FÜSUN SARP NEBİL YAZDI | Lübnan'da Hizbullah'ın çağrı cihazları nasıl patlatıldı?
14 saat önceki açıklama eylem işaretiymiş
Haaretz’de olaya ilişkin analizde, patlamaların İsrail’in, Hizbullah’a karşı strateji değişikliğine işaret ettiği belirtildi. Çağrı cihazlarını, Beyrut'tan Şam'a aynı anda yüzlerce Hizbullah savaşçısı ve mensubunun eline geçecek şekilde düzenlemenin, bir gecede yapılabilecek bir şey olmadığı ifade edilen analizde, Hizbullah’ın tehdidi nedeniyle ülkenin kuzey bölgesinden göç eden İsraillilerin evlerine dönmesine yönelik başbakanlık tarafından patlamadan 14 saat önce yapılan açıklamaya dikkat çekildi. Analizde şu ifadelere yer verildi:
“Başbakanlık Ofisi salı günü saat 02.36'da bir açıklama yaparak, güvenlik kabinesinin mevcut savaşın hedeflerini "Kuzey sakinlerinin güvenli bir şekilde evlerine dönmesini" de kapsayacak şekilde güncellediğini duyurdu. Kısa açıklama şu şekilde sonuçlandı: "İsrail bu hedefi hayata geçirmek için harekete geçmeye devam edecek.
“Tesadüf mü?”
On dört saat sonra, Lübnan'ın dört bir yanında ve hatta Şam'da Hizbullah üyelerinin ceplerinde ve çantalarında yüzlerce kablosuz çağrı cihazı patladı, 2 bin 800'den fazla kişi yaralandı ve terör örgütüne önemli bir fiziksel ve manevi darbe vuruldu. Tesadüf mü? Muhtemelen hayır. Salı akşamı itibariyle İsrail, aksiyon filmlerine konu olan saldırıyı üstlenmedi ancak Lübnan, Hizbullah ve diğerleri parmaklarını doğrudan İsrail'e doğrultuyor.
“Hizbullah içinde kaos yarattı”
Eğer gerçekten de bu yenilikçi saldırının arkasında İsrail varsa ve bunun çok daha büyük bir İsrail askeri eyleminin habercisi olup olmadığı henüz netleşmeden önce – bu durum Hizbullah içinde kaos yarattı, yüzlerce savaşçısını en azından birkaç gün, hatta daha uzun süre etkisiz hale getirdi ve örgütün iletişim kurma becerisi konusunda karmaşa yarattı – bu durum birkaç faktörü ortaya koyuyor: Birincisi, güvenlik kabinesinin savaşın amaçlarını güncellemesi anlamsız değildi.

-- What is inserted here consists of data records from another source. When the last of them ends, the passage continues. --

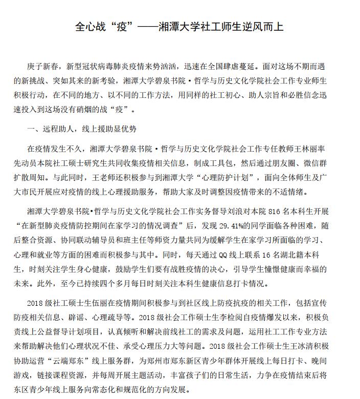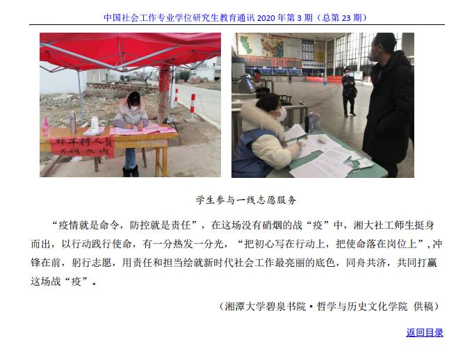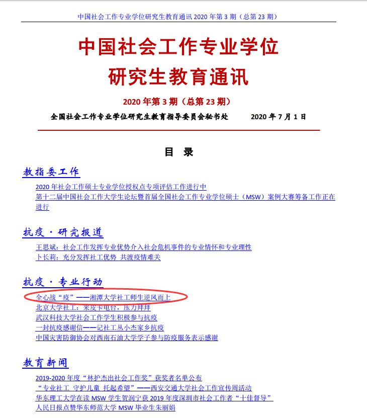 2020年7月1日,由全国社会工作专业学位研究生教育指导委员会秘书处组编的《中国社会工作专业学位研究生教育通讯》(2020 年第3期,总第 23 期)正式发刊,公司社会工作专业硕士教育中心投出的“全心战‘疫’,谈球吧社工师生逆风而上”新闻稿被采用。
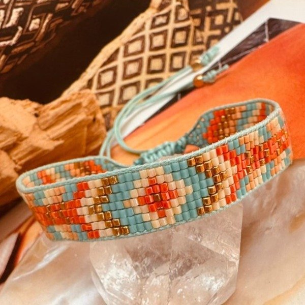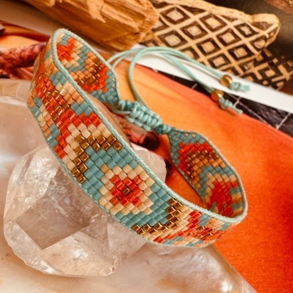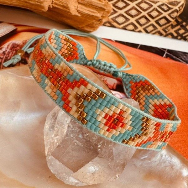 Hecha a mano en la India, esta pulsera está elaborada con la técnica Miyuki en su versión más amplia y detallada.
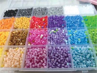 “豆”其实是五颜六色的小塑料管,拼装成图案后,用电熨斗加热,使其边缘软化粘连,最终形成图案。拼装过程既解压又充满想象力,受到年轻人和孩子们的欢迎,但其配套加热设备成了最大的安全隐患。
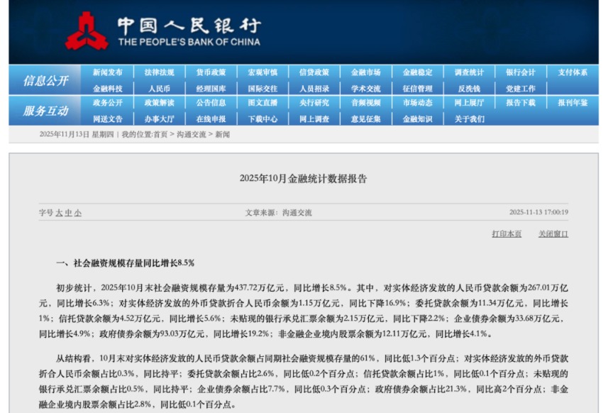 Core Viewpoint - The People's Bank of China (PBOC) has reported that M2 and social financing growth rates remain high, creating a favorable monetary environment for economic recovery. The current monetary policy stance is supportive, aiming to promote reasonable price recovery and maintain strong support for the real economy [1][12]. Monetary Supply and Financing - As of October 2025, the M2 balance reached 335.13 trillion yuan, with a year-on-year growth of 8.2% [4]. - The social financing scale stood at 437.72 trillion yuan, reflecting a year-on-year increase of 8.5% [5]. - From January to October, the incremental social financing was 30.9 trillion yuan, which is 3.83 trillion yuan more than the same period last year [6]. - The balance of various loans in renminbi was 270.61 trillion yuan at the end of October, showing a year-on-year growth of 6.5% [7]. Loan Rates and Structure - The average interest rate for newly issued corporate loans (in both domestic and foreign currencies) in October was 3.1%, approximately 40 basis points lower than the same period last year [7]. - The structure of loans is continuously optimizing, with inclusive small and micro loans growing by 11.6% year-on-year, and medium to long-term loans for the manufacturing sector increasing by 7.9% [11]. Government Bonds and Financing Channels - The issuance of government bonds and special refinancing bonds has accelerated, significantly supporting the growth of social financing. In 2025, the issuance of ultra-long special government bonds increased from 1 trillion yuan to 1.3 trillion yuan [8]. - The financial system has become more diversified, with enterprises increasingly utilizing bonds and stocks for financing rather than relying solely on bank loans [8]. Economic Indicators and Price Trends - The Consumer Price Index (CPI) turned positive in October, rising by 0.2% year-on-year, while the core CPI (excluding food and energy) increased by 1.2%, marking the highest growth since March 2024 [12]. - The Producer Price Index (PPI) decreased by 2.1% year-on-year, with the rate of decline narrowing for three consecutive months [12]. Future Monetary Policy Outlook - The current monetary policy is deemed supportive, with expectations for continued implementation of moderately loose monetary policies to maintain strong support for the real economy [12].

Lübnan'da Hizbullah militanlarının çağrı cihazları eş zamanlı olarak patlatıldı; 9 kişi hayatını kaybetti, 2 bin 800 kişi yaralandı
60 bin yerinden edilmiş İsrailli!
İsrail'in, çağrı cihazları aracılığıyla çağrı cihazı taşıyan Hizbullah mensuplarına saldırmak için 60 bin yerinden edilmiş İsrailliyi evlerine geri döndürmenin bir savaş amacı olduğunu ilan etmesine gerek yoktu, ancak bu açıklama saldırıyı belirli bir bağlama oturtuyor: Son 11 ayda olanlar bundan sonra olmayacak.
Hizbullah ile yaklaşık bir yıl süren karşılıklı saldırıların ardından - bu süre zarfında İsrail üstünlük sağlamış, daha fazla Hizbullah savaşçısını öldürmüş, stratejik ve askeri tesislerine İsrail'e verdikleri zarardan çok daha fazla zarar vermişti - bu eylem, İsrail'in eldivenlerini çıkarıp yeni bir operasyon seviyesine doğru ilerlediğinin sinyalini veriyor.
Lübnan saldırısı “Savaşın güncellenmesi”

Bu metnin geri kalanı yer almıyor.